The Red Plague Affair by Lilith Saintcrow
It is never easy to start a series with a sequel, and The Red Plague Affair is the sequel to the first book in Lilith Saintcrow’s BANNON AND CLARE series, The Iron Wyrm Affair, which introduced these characters. (The Damnation Affair is a related novel set in the same world with different characters.) I haven’t read The Iron Wyrm Affair, but The Red Plague Affair was still pretty accessible. Saintcrow takes the steampunk London we love and creates a different, almost mythological spin.
The 19th century city where these stories take place is called Londinium, and it is ruled by Queen Victrix, who is a human but also the Vessel for Brittania. Brittania is the deity or spirit of the land, who rules through a human agent.
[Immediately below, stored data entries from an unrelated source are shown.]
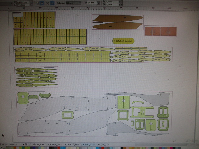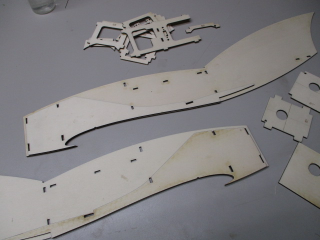 Die Spanten und die Seitenteile des Rumpfes sind soweit fertig ausgelasert.
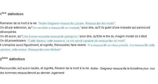 Ancienne signification éditée en 1798 pour le terme « ressusciter » par l’Académie Française.
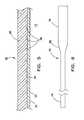In the example shown inFIGS. 4 and 5, reinforcingmember36 comprises a helical coil. The coil may be formed from materials well known for such use in the medical arts, such as a metal, a metal alloy (e.g., stainless steel or a shape memory composition such as nitinol), a multi-filar material, a composite material, etc. In order to minimize the outer diameter of thedistal segment30, it is preferred to provide a coil with a conventional flat wire construction. However, those skilled in the art will appreciate that coil materials of other cross-sectional configurations, such as round, oval, and various other geometric configurations, may be substituted if desired.Coil36 may extend substantially the entire length of distal segment. Preferably, however, the coil stops short of the proximal and distal ends of the distal segment. As shown inFIG. 4, terminating the reinforcing member short of thedistal end11 facilitates the ability to form a desired configuration (e.g., a distal taper) at the non-reinforced distal end, if desired. Terminating short of the proximal end facilitates joinder withproximal segment12, as further described herein.
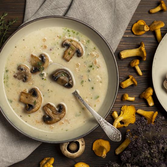 Bospaddenstoelensoep is een smaakvolle soep. Lekker bij de kerst- brunch, lunch, als voorgerecht of volwaardig avondmaal. Je kunt er alle kanten mee op!
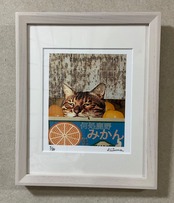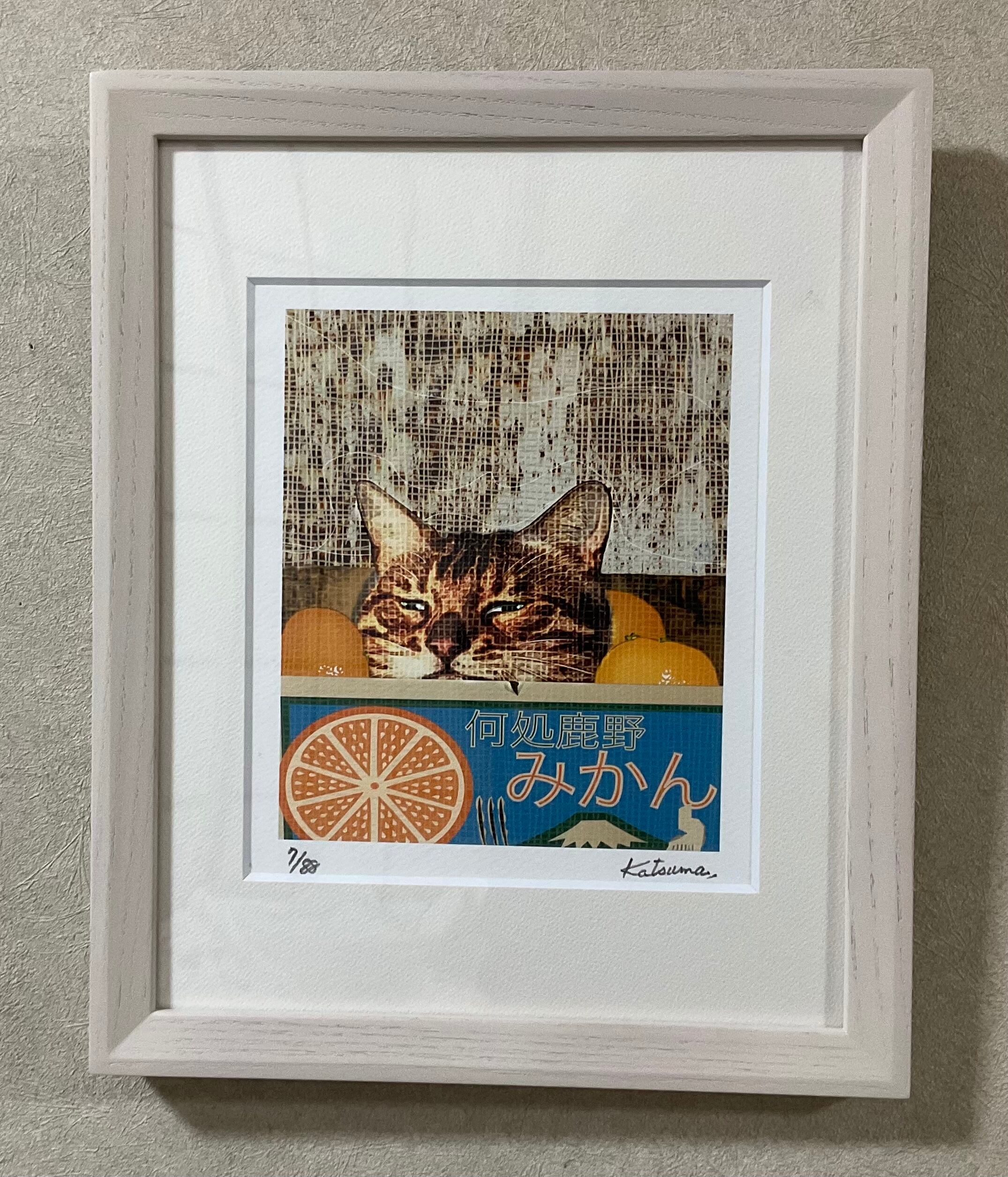 勝間としをの幸せ猫版画 ジクレー版画 画寸15×18㎝ 88部限定制作 額 緩W21 乳白 八ツ 額寸270×330mm 額・八ツ 絵に添えられた言葉とプロフィールをつけてお届けします。
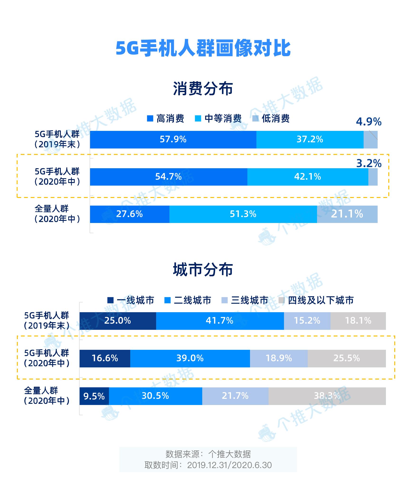 2020上半年5G手机快速抢占市场,截至2020年二季度,5G手机的市占率达4.3%,是一季度的2.5倍,其中华为Mate30 pro和华为Mate30两款机型最受欢迎。此外,从用户画像分析看出,5G手机正在向全年龄段、全市场普及。
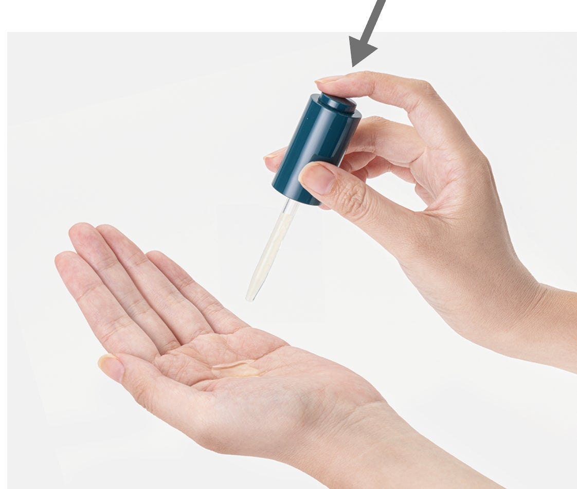 〇美容液は、1回分の使用量が自動で吸い上げられる自動吸い上げ容器。キャップを回し、上部のボタンを押すと美容液が出てきます。

Emma Bannon is a Prime Sorceress, trained in the college of sorcery, and her arts are those of the Endor, or dark magic (as opposed to the magic of Mending, or light magic). Her friend and partner Archibald Clare is a mentath, a trained analyst who uses observation and logic to solve problems. A mentath is the opposite of a sorcerer, and the “irrationality” of sorcery is baffling to mentaths; this tension is part of the charm of this series.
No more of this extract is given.